▶ What you are asked to do:
Only the pictures are to be omitted; everything else in the listing must be reproduced exactly.

▶ Provided data:

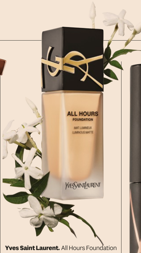
Yves Saint Laurent. All Hours Foundation
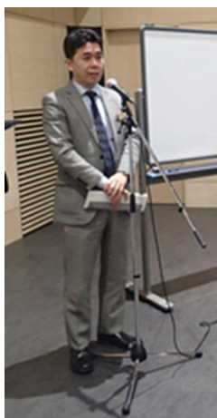
谷町長のあいさつ

第1回「つくる会」では、基礎的な統計データ（人口など）や「町民アンケート調査」の結果など、これからの鷹栖町を考えるために必要なデータについての情報提供がありました。また、鷹栖町においてさまざまな活動に取り組んでいる3人の町民の方にご登壇いただき、鷹栖町での暮らしと仕事、そして将来の夢について語っていただきました。それらを受けて、参加者35人全員で「鷹栖町での暮らし」と「10年後の鷹栖町で、自分はどうありたいか」についてワークショップを行いました。

▶ Answer to this exercise:
Yves Saint Laurent. All Hours Foundation
谷町長のあいさつ

第1回「つくる会」では、基礎的な統計データ（人口など）や「町民アンケート調査」の結果など、これからの鷹栖町を考えるために必要なデータについての情報提供がありました。また、鷹栖町においてさまざまな活動に取り組んでいる3人の町民の方にご登壇いただき、鷹栖町での暮らしと仕事、そして将来の夢について語っていただきました。それらを受けて、参加者35人全員で「鷹栖町での暮らし」と「10年後の鷹栖町で、自分はどうありたいか」についてワークショップを行いました。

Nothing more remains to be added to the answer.